In my view, the "right" way to take into account expected opponent weaknesses and strengths is by making the evaluation asymmetric. If your opponent playing as black is bad with knights, then assign white a bonus if the position has many knights.
Most misconceptions of your opponent cannot be efficiently exploited this way. E.g. when he undervalues Archbishops and thinks hey are an equal trade for Knight + Bishop, you have to offer him N + B + P for A to make him surely squander his Archbishop in the illusion it gains him a Pawn. I don't know how any asymmetric eval could encourage you to do that.

Give white a bonus for positions where black is likely to accept an objectively bad trade.

hgm · Post by **hgm** » Tue Jan 06, 2015 8:19 pm

syzygy wrote:The proposed algorithm not only assumes that you know how the opponent evaluates positions, but also that the opponent knows how you evaluate positions.

Indeed, this is true.

If you really want to seduce the opponent into falling into a known weakness it has, you would have to let it minimax based only on its own evaluation upto the depth you expect it to reach. If you do that for all positions in the tree, you know the opponent's strategy. You can then find the path that optimises your own evaluation. But this isn't going to work as it is too computationally expensive.
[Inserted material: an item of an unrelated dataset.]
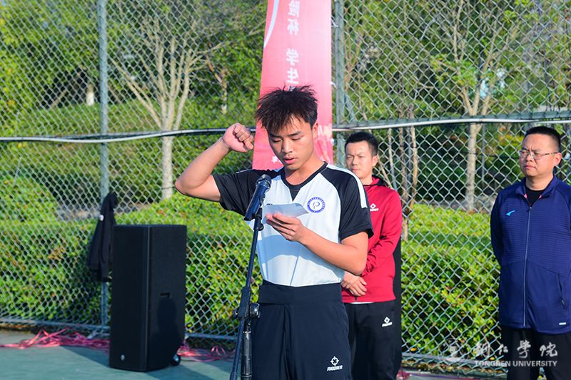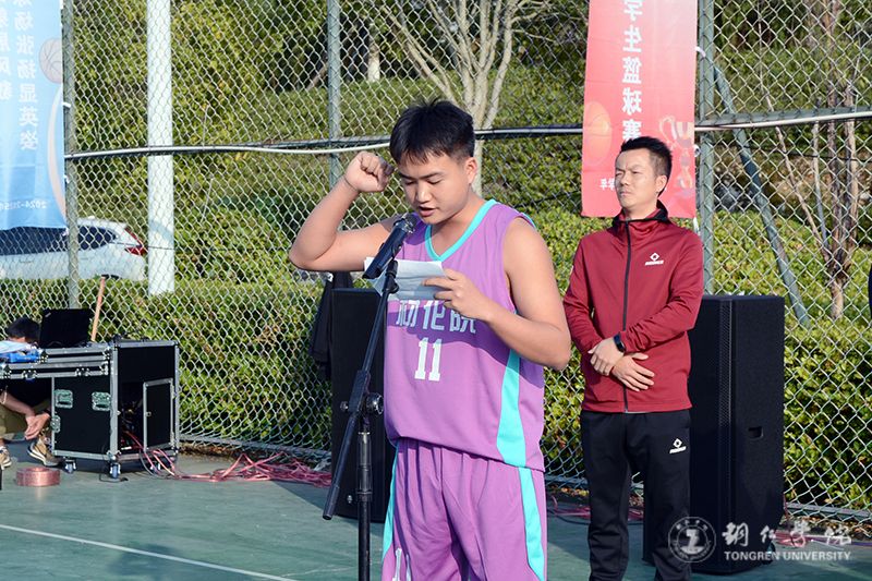 仪式上,大健康学院张正家代表裁判员进行宣誓;材料与化学工程学院万中华代表运动员进行宣誓;龚静宣布2024—2025学年“人保财险杯”学生篮球赛正式开始;杨敏为比赛开球。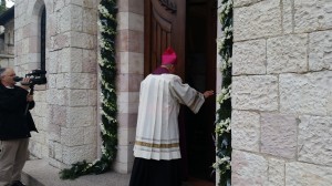 Aderendo all’invito del Santo Padre, mettendoci alla scuola del Poverello, abbiamo aperto la porta santa della Cattedrale. È il segno di Cristo. L’abbiamo voluta così, come una porta “trasparente”, che fa guardare lontano, in entrata e in uscita. Non è la porta che immette in un luogo protetto, ma la porta che fa immergere nell’amore. È la porta che conduce al cuore di Cristo, e ci invia poi dove Cristo ci da appuntamento nei suoi poveri.

This is true. In nodes where he is to move you would have to decide his choice based on minimaxing his scores only. So in contrast to what I thought the proposed algorithm was, the value of a node where al move scores are pairs (mine, his) would have to be the pair (max(mine), max(his)) in nodes were I am to move, and the (mine, his) pair of the move with the maximum 'his' where he has the move.

That isn't really more expensive than minimax, except that you now of course have to evaluate every leaf twice. But minimax is too expensive compared to alpha-beta. I am not sure if you cannot rescue part of alpha-beta, however. There must be branches that are irrelevant for both members of the pair. In the degenerate case, where both evals are equal, you can obviously cut just as much as always. One presumes that the more similar the evaluations are, the closer the minimal tree will approach that of simple alpha-beta.

matthewlai · Post by **matthewlai** » Wed Jan 07, 2015 3:51 pm

hgm wrote:
mcostalba wrote:..., they did exactly this: different king safety evaluation according if you were the side to move (at root) or not.
Unless I misunderstood the OP this is not what he proposed at all. In his idea both evaluations are always made in every leaf, irrespective of who has the move in the root, and both propagated towards the root based on the chosen move. It is the side to move at the current ply level that decides which of the two evaluations will be used to determine which move is best.

I wonder how badly this interferes with alpha-beta pruning, however. If side A takes a beta cutoff, his score would be a lower bound, because there are unsearched moves that might score higher. There is no guarantee at all that the opponent (B)'s score associated with that move is a lower bound. One of the unsearched moves might have a better A-score, but a lower B-score (both from A point of view), so that the true B-score of the node would actually be lower.

That's exactly what I meant.

Alpha-beta would probably require some tweaking, but even then it may become non-optimal. For example, instead of passing alpha as beta to the next ply, we can pass the opponent's score associated with the position that generated the alpha, or something to that effect. This is giving me a headache just thinking about it, though.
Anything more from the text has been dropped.